Kann ich außer gegenrechnen etwas machen? 

Oder liegt es vielleicht am Code?
Prinzipiell habe ich meine Programm auf der Grundlage von dem Wirklich guten Tutorial von Quaxli entwickelt. 

Ich bin für jeden Tipp dankbar 
Grüße Skanky


----------



## Schandro (7. Jan 2012)

haben die Rectangles und das Component an dem der MouseMotionLister hängt denselben 0|0 Bezungspunkt?


----------



## Skanky (7. Jan 2012)

Ja sie beziehen sich auf das selbe JPanel.

Ich habe mir mal die Courser Position ausgeben lassen.

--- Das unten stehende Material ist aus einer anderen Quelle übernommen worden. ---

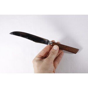 A great looking set of 6 wood-handled steak knives, marked Warranted Sheffield, Stainless Steel. With some marks of age and age, including some surface cracking to the handles. The wood is a nice warm mahogany tone base with lighter flecks. Size: ca 8.6 inches (22 cm) long
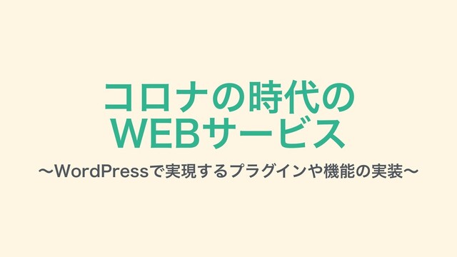 コロナの時代の WEBサービス 〜WordPressで実現するプラグインや機能の実装〜

Die 0|0 Koordinate ist bei der Maus 0|30, und wenn ich mit Robot die Maus auf 0|0 setze, liegt der Cursor ganz normal an der 0|0 Koordinate, gebe ich mir diese aber aus (e.getPoint()) bekomme ich als Koordinaten 8|30. es sieht so aus als wenn er von der Unteren kante des Cursorbildes ausgeht. 

Die Rechtangle2D Objekte verhalten sich hingegen Normal und werden auch an den gewünschten Positionen gezeichnet. 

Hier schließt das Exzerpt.